Der Blick liberaler Medien auf Giorgia Meloni sucht aus verständlichen Gründen das Rechtsextreme, Rechtsradikale, Ultrarechte an ihr hervorzuheben, verbrieft durch ihre neofaschistische Herkunft. Die Bezeichnungen variieren, doch Melonis Regierungspolitik wird bisher und wohl auch in Zukunft primär daraufhin gelesen, was es heißt, im Herzen Westeuropas, in einem führenden Industriestaat, in einer liberalen Nachkriegsdemokratie, die auf den Trümmern des Faschismus errichtet wurde, Politik von rechts zu betreiben. Allerdings werden der Aufstieg und die Wirkungsmacht von Figuren wie Meloni nicht umfassend verständlich, wenn man sie nur als rechtsextrem begreift. Um sie historisch einordnen zu können, muss gerade das Angepasste, das Nichtrechtsextreme an ihnen in den Blick kommen, wofür Weiblichkeit eine Referenz und eine symbolische Formensprache zur Verfügung stellt.
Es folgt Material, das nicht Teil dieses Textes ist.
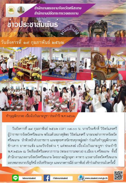 ผู้ว่าราชการจังหวัดศรีสะเกษ ร่วมทำบุญตักบาตร เนื่องในวันมาฆบูชา ประจำปี พ.ศ. 2562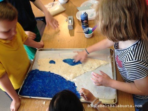 Neighboring countries are dough the kids dyed in bowls before pressing into place. This is in contrast to the blue bodies of water, which we did not dye beforehand. We created the depressions for the Dead Sea, Kinneret and Mediterranean Sea and then brushed each one with blue tempera paint. Why? I wanted to keep all water blue and to paint them directly to make them more memorable as geographic anchors. Note we forgot the Jordan River. Next time…
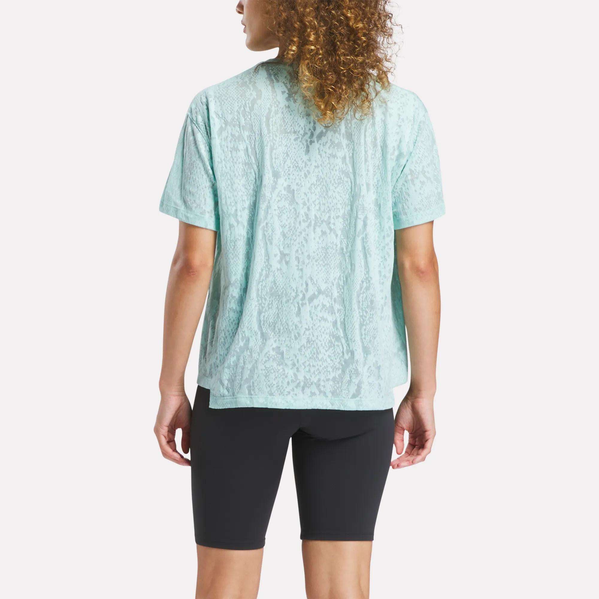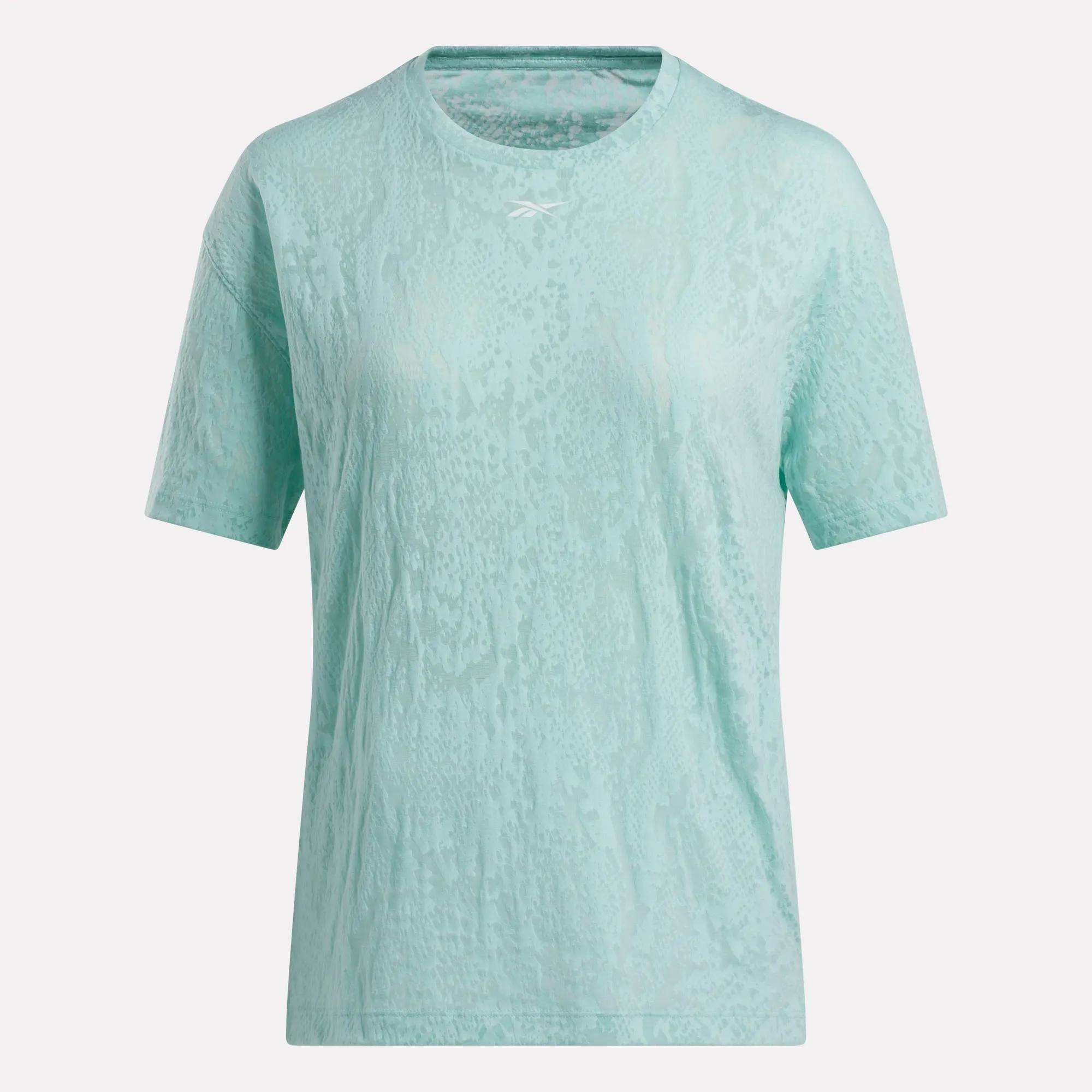 The gym’s not the only place you’ll want to wear this women’s Reebok t-shirt. The allover burnout pattern delivers subtle style. An extra-roomy fit gives you freedom to move in the weight room. in cardio classes and while running post-workout errands.

Gerade im deutschen Kontext ist das aber gar nicht so einfach, weil sich hier nach 1945 ein normativer Modus entwickelt hat, über extreme Rechte zu sprechen, der diese am Rand der Gesellschaft (und gemeinhin als männlich) verortet. Methodologische Marginalisierung führt aber leicht dazu, die Bündnisfähigkeit und Anschlussfähigkeit der politischen Rechten in der liberalen Demokratie aus den Augen zu verlieren, die in der Geschichte der europäischen Rechten übrigens lange Zeit selbst als weiblich imaginiert wurde. Wahlsiege wie jenen der Fratelli d’Italia, Melonis Partei, werden Zeithistoriker erst erklären können, wenn sie lernen, die Spuren jener Rechten zu lesen, die wie Frauen häufig unsichtbar blieben in der Geschichte von Politik und Öffentlichkeit.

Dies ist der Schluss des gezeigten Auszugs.